The older girls played outside in the afternoon for a while until their feet got cold and then they and the neighbor girl came over and made a mess of the house for the rest of the afternoon. I occupied Hannah once she got up from her nap and I reconciled myself to the fact that I was counting this as a vacation day and would NOT get any work done. Lynda tried her best to work, work, work, and catch up while kids played around her. (I kept Hannah in the basement for the most part.) It was a wearying, stressful, difficult afternoon.

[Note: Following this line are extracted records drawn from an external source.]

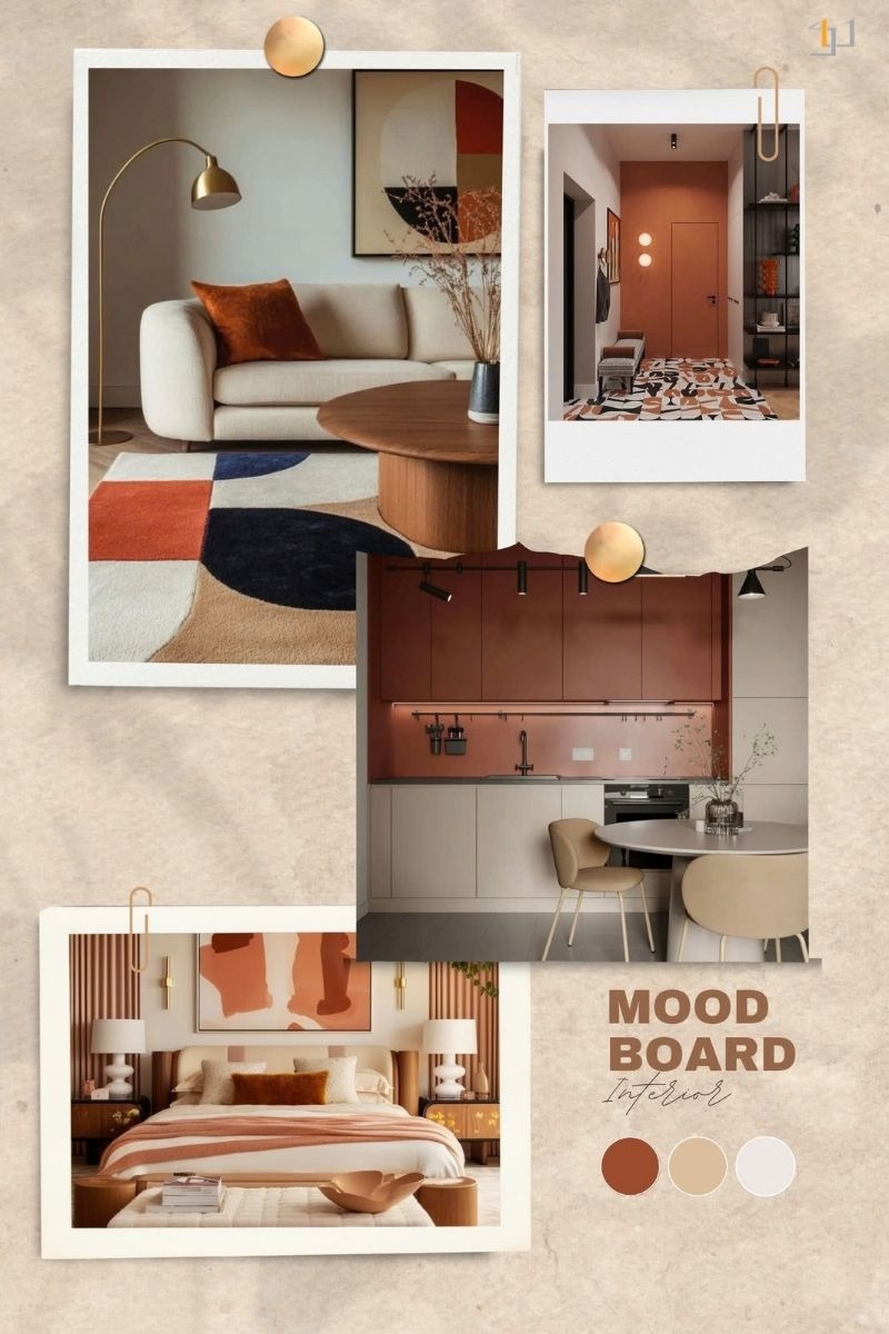 - Bảng màu “Nồng Ấm” & Quyền lực: Nền không gian thường là các gam màu trung tính, sang trọng như Nâu đậm hoặc Đen. Trên đó, những điểm nhấn màu nóng có chiều sâu như Đỏ rượu, Cam đất hay Vàng nghệ được đưa vào một cách mạnh mẽ nhưng có kiểm soát, tạo ra sự kịch tính thị giác đầy tinh tế.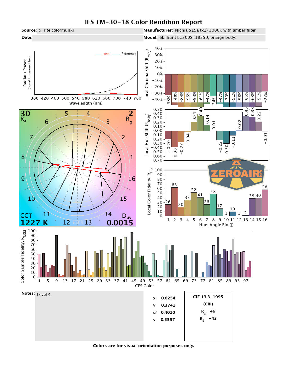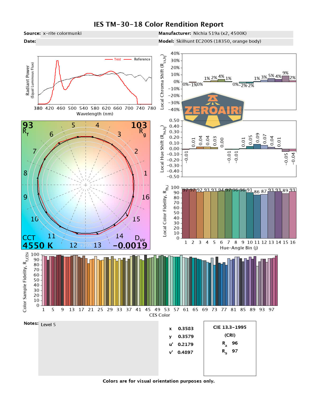 As you should expect from the incredible Nichia 519a emitters, the output is fantastic. It’s very nearly on the BBL (which is good, that’s what you want) and also has the “as claimed” CCT (ranging from 4400K to around 4600K.) CRI is also very high, at over 96.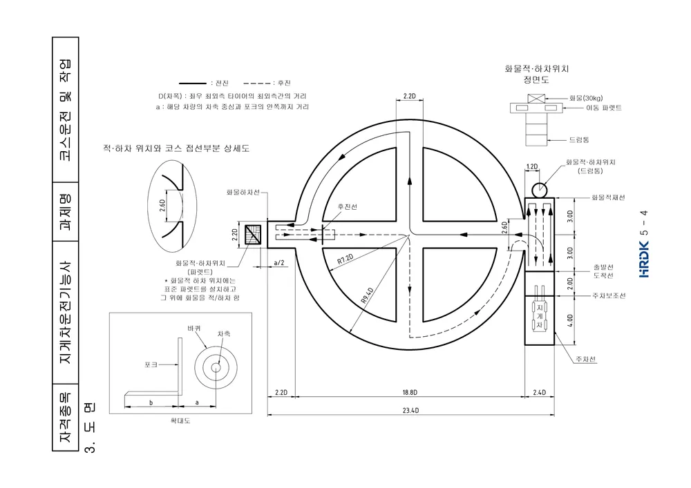 출발, 파렛트 상차, 주행, 하차, 후진, 원위치, 주차까지 제한 시간 안에 완료해야 합니다.

Eventually, I got back outside and hacked away at the melted, slushing ice enough to get both cars safely back up the slope and into the garage. (Hopefully we make it back down again tomorrow with no significant difficulty.) I'm mentally done for the day and just want to watch TV.
*****
I noticed during this day that when I get angry and stressed by the unpredictableness of weather, kids out of school, no work getting done, weary of snow-blind driving . . . when I get in this stirred up, surly mood, I try to maintain order. That usually means I start picking up messes and folding laundry. But that usually means I must first stomp around griping about the messes being left by kids who abandon one lump of toys in this room to go play with toys in THAT room and then mutter about all the laundry. THEN I grudgingly start picking stuff up, throwing papers away, folding things, and attempting to make something in an unsettling, flag-cracking day, make sense to me.
2 comments:
Wow! This was worse than last year when we were there for Hannah's birth. Makes me glad I live in GA.
Nana
the thought of you driving through those awful conditions to get your eyes checked is hilarious!